キミじゃなきゃダメなんだ
シャーペンを意味もなくくるくる動かす。
そしてさらにノートの端にうさぎさんの落書きをすると、すかさず先輩がうさぎさんを消した。ああ....
「なんでうさぴょん消しちゃうんですか....」
「君が勉強せずに落書きするからでしょ。てゆーかうさぴょんって何」
「私の書いたうさぎさんはみんなうさぴょんになるんですよ....」
「...そう。とりあえずうさぴょんはいいから数学して」
先輩がうさぴょんとか言うとちょっと可愛いからムカついた。
私がうさぴょんって言ってもアホにしか見えないのに、先輩が言うとラブリーに感じる。この差はなんだ。顔か。

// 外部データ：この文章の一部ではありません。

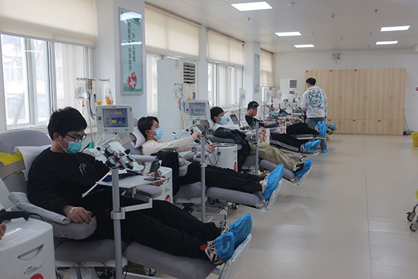 中午,参加无偿献血活动的同学们到达献血现场。在志愿者的指引下,同学们有条不紊地排队填写表格、认真做好测量血压、采血检验等准备工作。在医务人员的指导下,积极配合伸出胳膊,让充满爱心的热血缓缓地流入一个个储血袋。在献血的过程中,同学们踊跃参与,并纷纷表示在今后将继续参与无偿献血志愿服务活动,希望通过献血来帮助需要帮助的人,挽救更多宝贵的生命,同时将动员身边的同学们积极关注社会公益事业,为社会奉献一份爱心和力量。
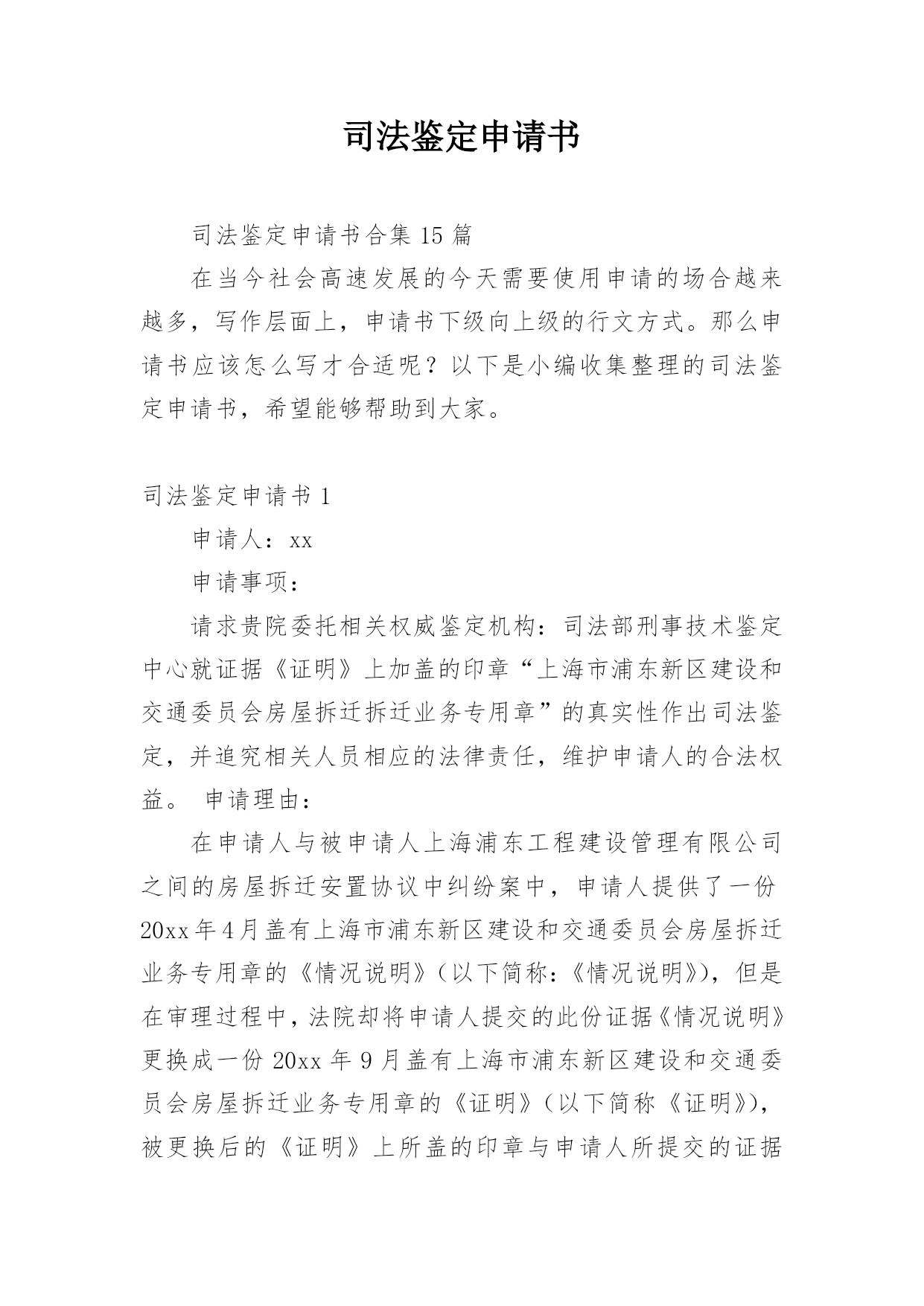 司法鉴定申请书司法鉴定申请书合集15篇在当今社会高速发展的今天需要使用申请的场合越来越多,写作层面上,申请书下级向上级的行文方式。那么申请书应该怎么写才合适呢?以下是小编收集整理的司法鉴定申请书,希望能够帮助到大家。司法鉴定申请书1申请人:xx申请事项:请求贵院委托相关权威鉴定机构:司法部刑事技术鉴定中心就证据《证明》上加盖的印章“上海市浦东新区建设和交通委员会房屋拆迁拆迁业务专用章”的真实性作出司法鉴定,并追究相关人员相应的法律责任,维护申请人的合法权益。申请理由:在申请人与被申请人上海浦东工程建设管理

私は仕方なくシャーペンを持ち直しながら、ぶーっと頬を膨らませた。
「やる気ないのが不満というか...ただちょっと、もったいないなあって思っただけです。みんなで頑張るの、楽しいですよ」
「頑張る理由がよくわからない」
「そりゃ、勝利のためですよ。クラスとか、自分の団の」
「その勝利に興味がわかないんだよ」
ううう....こりゃダメだ。
先輩にはこう、根本的に、体育祭で頑張る理由がないんだな。
私は、とりあえずあの雰囲気だけで、楽しんじゃうタイプだからなあ。